DATASET EXTRACT =
((
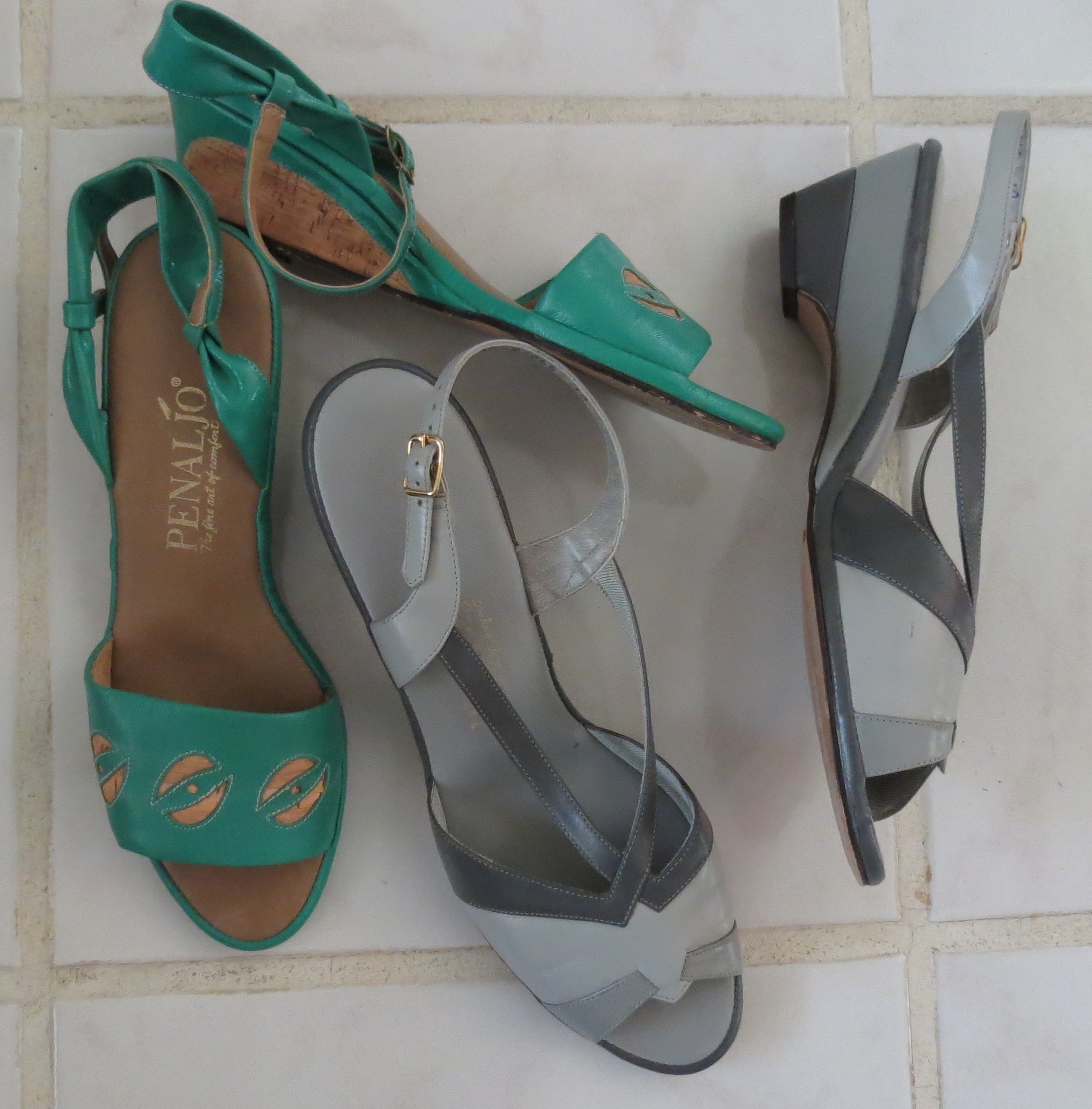 With day-dresses to slacks, I love wedgie sandals and these Eighties does Forties versions did not disappoint me. Their sleek leather sling-back style goes well with almost everything and the 2″ heel gives lift along with walkability. This design carried on into the 1950’s and would look great with the dresses I’ll post tomorrow. Stay tuned . . . . . . . . . . . . . . . . . . .
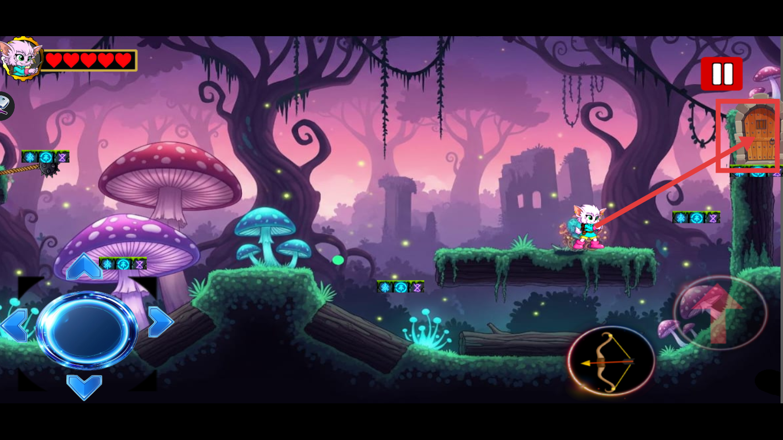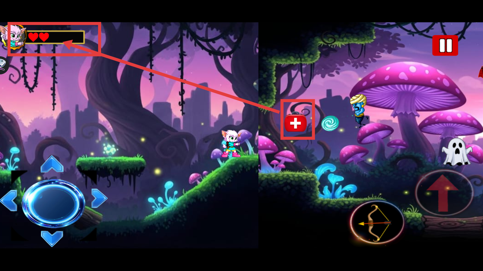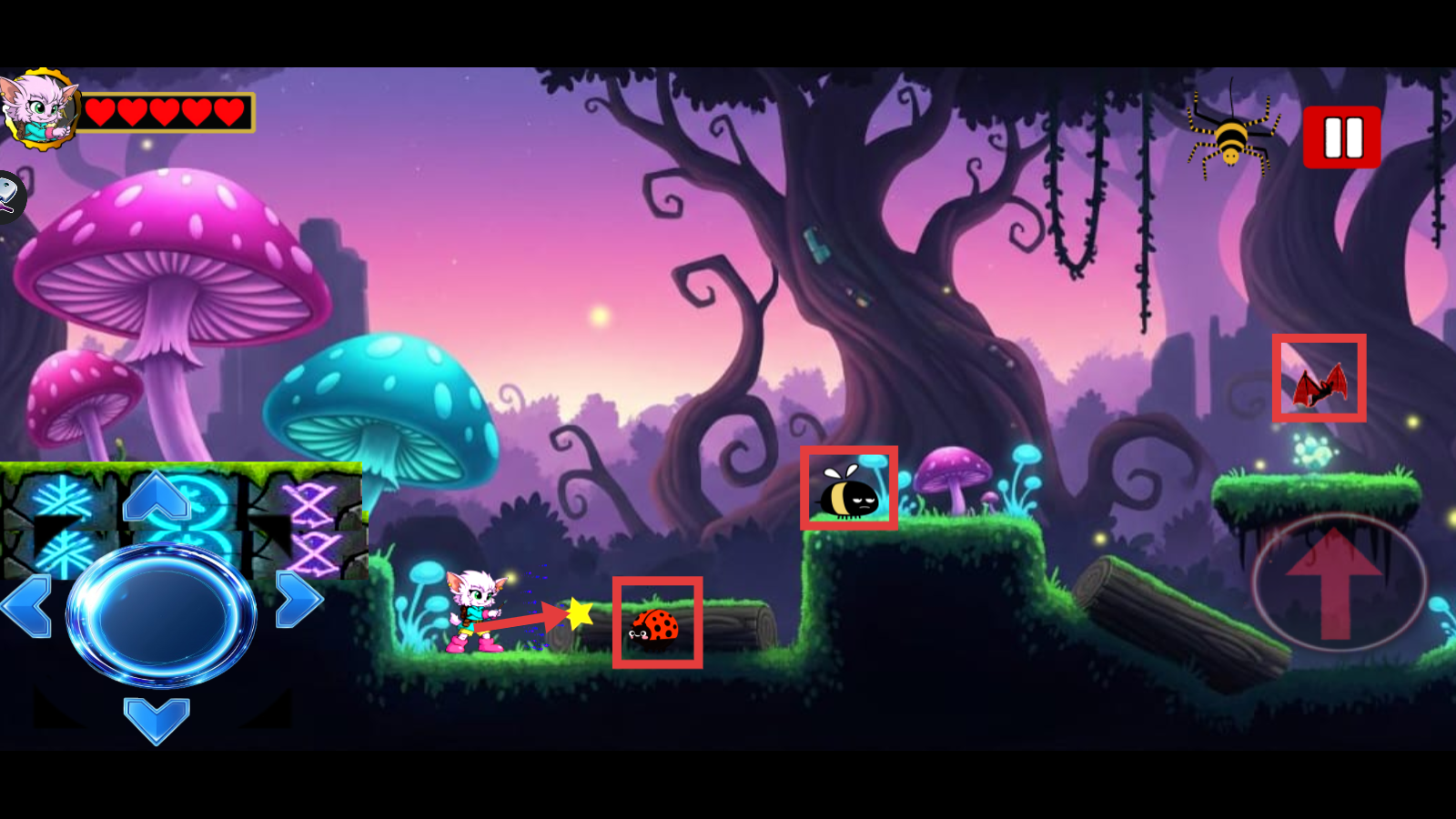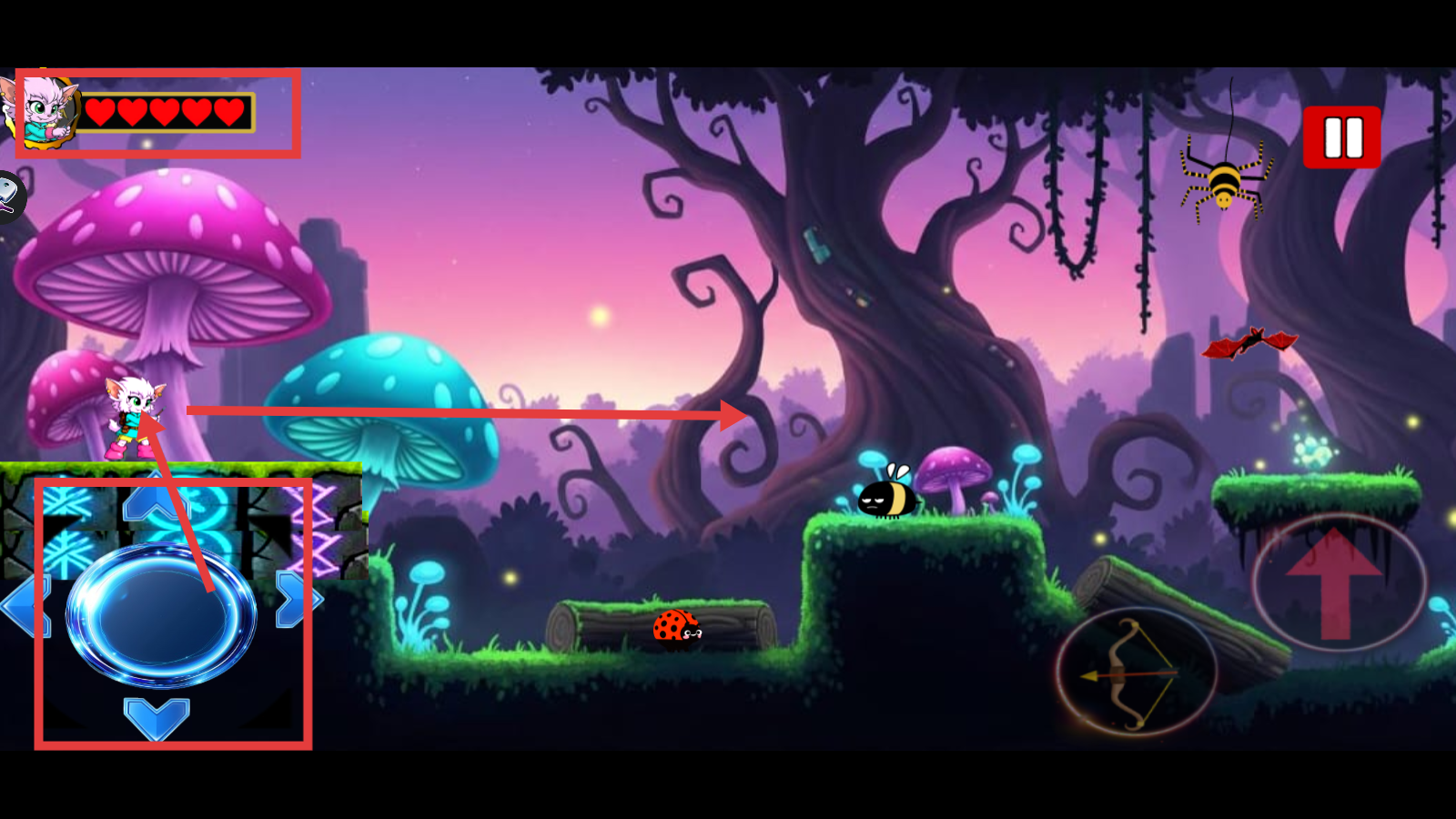 1、借助左侧虚拟摇杆控制角色在蘑菇森林移动,关注上方生命值,避开蜘蛛、蝙蝠等敌人,安全探索场景。
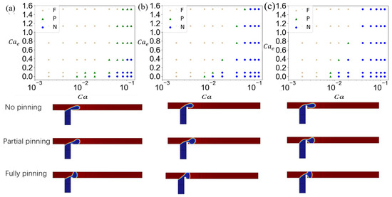 Figure 14b shows the dispersed-phase flow state diagram in a T-junction microchannel with a rib height ratio of . Compared to , the unpinning regime occupies a significantly expanded parametric domain. Notably, at and , the unpinning regime emerges, underscoring the dominance of hydrodynamic effects over electric field forces. This suggests that elevated rib heights and increased Ca synergistically amplify continuous-phase shear effects on the dispersed phase. A comparative analysis of Figure 14a,b reveals that increasing reduces the parametric domain of the partially pinning regime. The partially pinning regime, initially observed at high Ca and , fully transitions to the unpinning regime. This transition arises because the elevated rib lifts the dispersed phase, increasing its separation from the lower channel wall and thereby suppressing adhesion. At in Figure 14c, the dispersed-phase flow regime diagram demonstrates near-complete suppression of partially pinning states. While all three regimes persist, the partially pinned regime occupies a minimal parametric domain. At low Ca, reduced continuous-phase flow rates allow substantial dispersed-phase accumulation prior to necking, sustaining fully pinning regime dominance. As Ca increases, partially pinning domains convert into unpinning regimes. At high capillary numbers, the unpinning regime becomes ubiquitous. This is because the high elevates the dispersed phase, and also increasing continuous-phase shear force further inhibits adhesion.
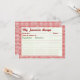Cheques vermelhos e pequenas posições... há muito charme de 50-noventa com estes Cartões de Receita. Estes cartões são a inserção perfeita para o convite correspondente do Nifty 50. Faça amigos preencherem sua receita favorita e a traga para a festa para compartilhar.
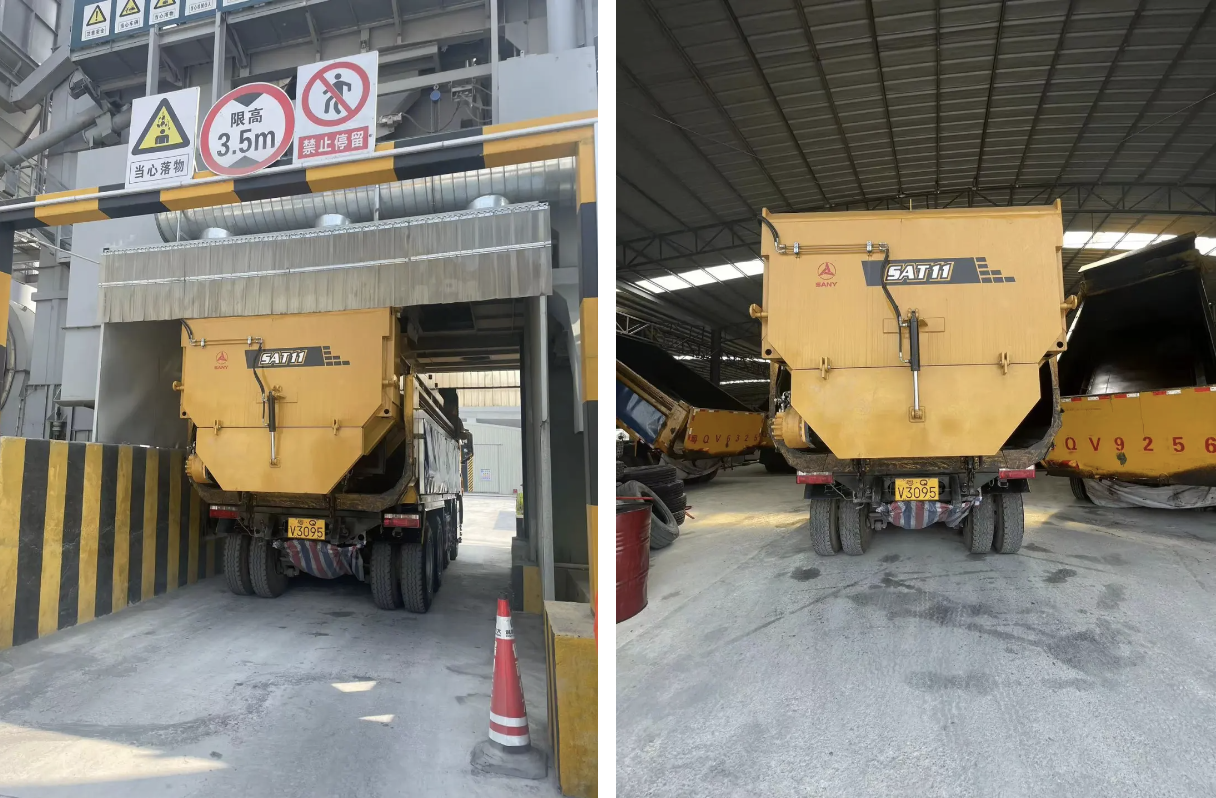 三一与保利长大联合研发的SAT11型沥青混合料运输装置自2023年6月投入深中通道项目使用以来,以高效、精准的运输能力大大提高了施工效率。
))
BRIEF = Begin with the first line of the records and repeat every line up to the one with "1、借助左侧虚拟摇杆控制角色", counting that line too. Pictures are not part of the copy.

TASK RESULT =
 With day-dresses to slacks, I love wedgie sandals and these Eighties does Forties versions did not disappoint me. Their sleek leather sling-back style goes well with almost everything and the 2″ heel gives lift along with walkability. This design carried on into the 1950’s and would look great with the dresses I’ll post tomorrow. Stay tuned . . . . . . . . . . . . . . . . . . .
 1、借助左侧虚拟摇杆控制角色在蘑菇森林移动,关注上方生命值,避开蜘蛛、蝙蝠等敌人,安全探索场景。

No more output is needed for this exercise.